◆ What the task requires: Please print exactly the lines from the line containing "銀 アクセサリー AE165541437866974" through the end of the data, no more, and keep pictures out of the copy.

◆ Data block:

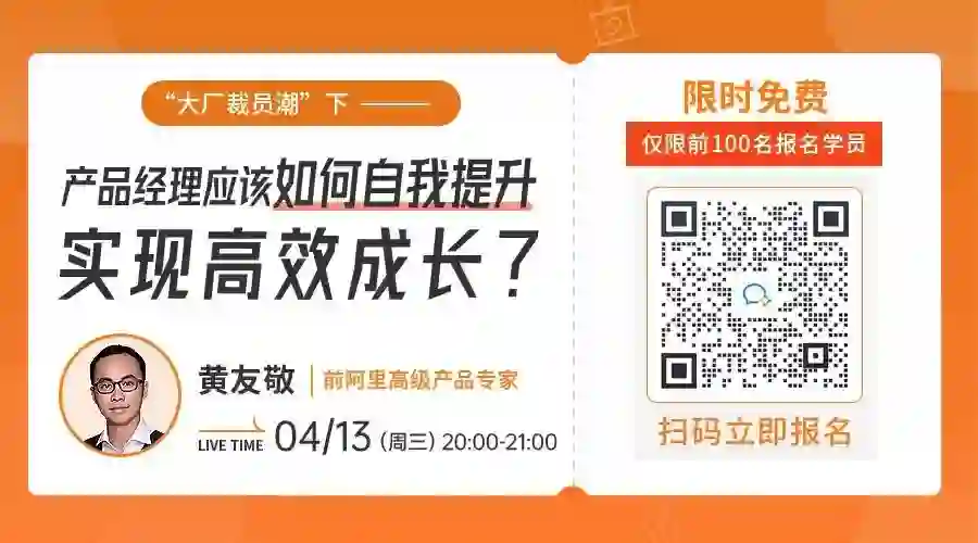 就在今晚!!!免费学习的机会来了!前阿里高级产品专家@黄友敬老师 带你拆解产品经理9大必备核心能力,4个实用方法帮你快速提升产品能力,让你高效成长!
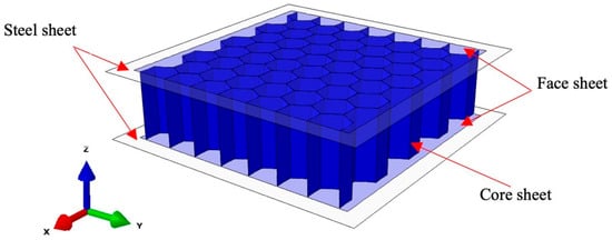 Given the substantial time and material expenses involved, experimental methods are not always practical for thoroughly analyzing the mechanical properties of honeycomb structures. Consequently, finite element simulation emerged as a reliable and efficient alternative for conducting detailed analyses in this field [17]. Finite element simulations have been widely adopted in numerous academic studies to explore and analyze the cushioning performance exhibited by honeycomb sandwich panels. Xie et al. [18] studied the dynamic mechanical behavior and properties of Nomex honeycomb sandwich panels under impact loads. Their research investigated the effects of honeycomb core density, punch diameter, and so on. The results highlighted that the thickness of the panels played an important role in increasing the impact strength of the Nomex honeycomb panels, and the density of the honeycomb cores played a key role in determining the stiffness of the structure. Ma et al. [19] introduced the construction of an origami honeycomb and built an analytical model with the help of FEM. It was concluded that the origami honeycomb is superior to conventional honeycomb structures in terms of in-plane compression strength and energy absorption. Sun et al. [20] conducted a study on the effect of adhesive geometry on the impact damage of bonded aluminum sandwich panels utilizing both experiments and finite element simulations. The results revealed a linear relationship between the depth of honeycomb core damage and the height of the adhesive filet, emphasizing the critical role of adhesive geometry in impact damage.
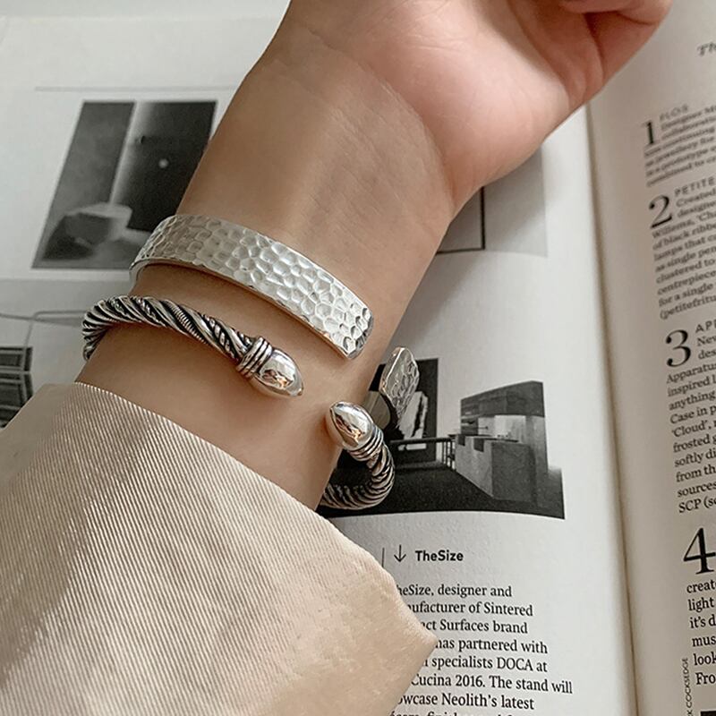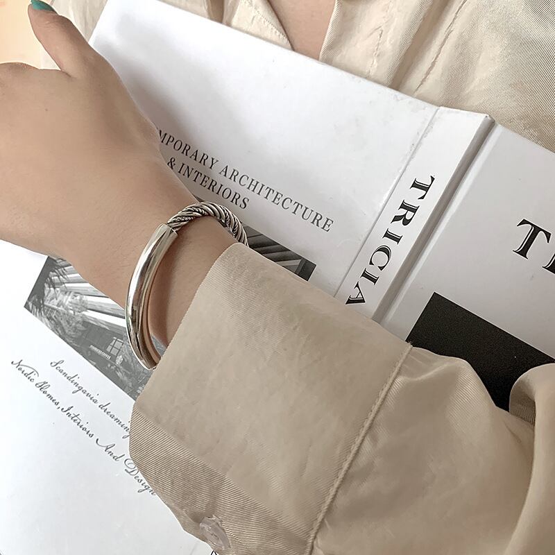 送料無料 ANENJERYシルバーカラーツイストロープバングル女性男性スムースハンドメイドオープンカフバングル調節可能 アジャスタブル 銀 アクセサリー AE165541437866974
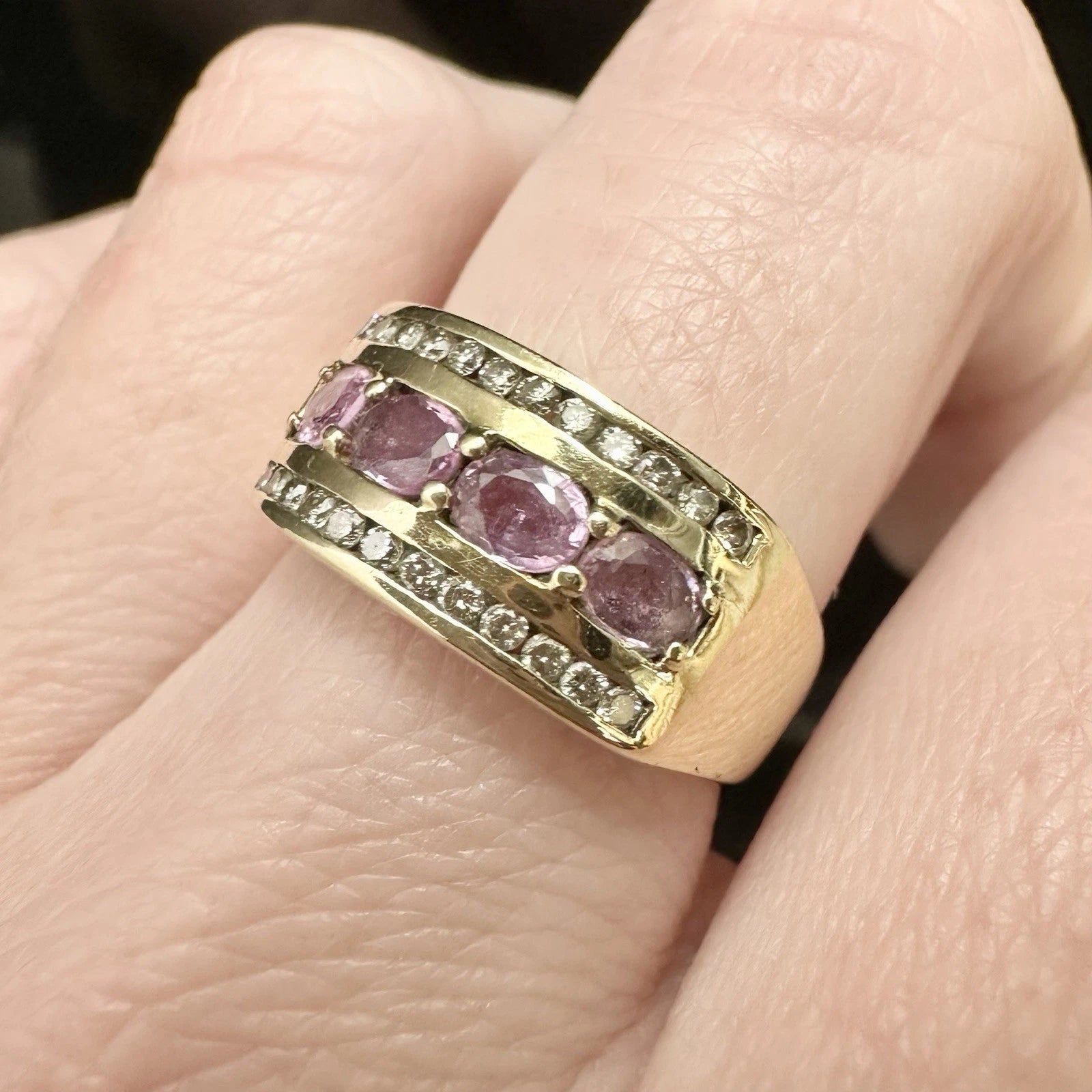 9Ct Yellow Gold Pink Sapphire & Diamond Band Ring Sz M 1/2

◆ Written solution:
 送料無料 ANENJERYシルバーカラーツイストロープバングル女性男性スムースハンドメイドオープンカフバングル調節可能 アジャスタブル 銀 アクセサリー AE165541437866974
 9Ct Yellow Gold Pink Sapphire & Diamond Band Ring Sz M 1/2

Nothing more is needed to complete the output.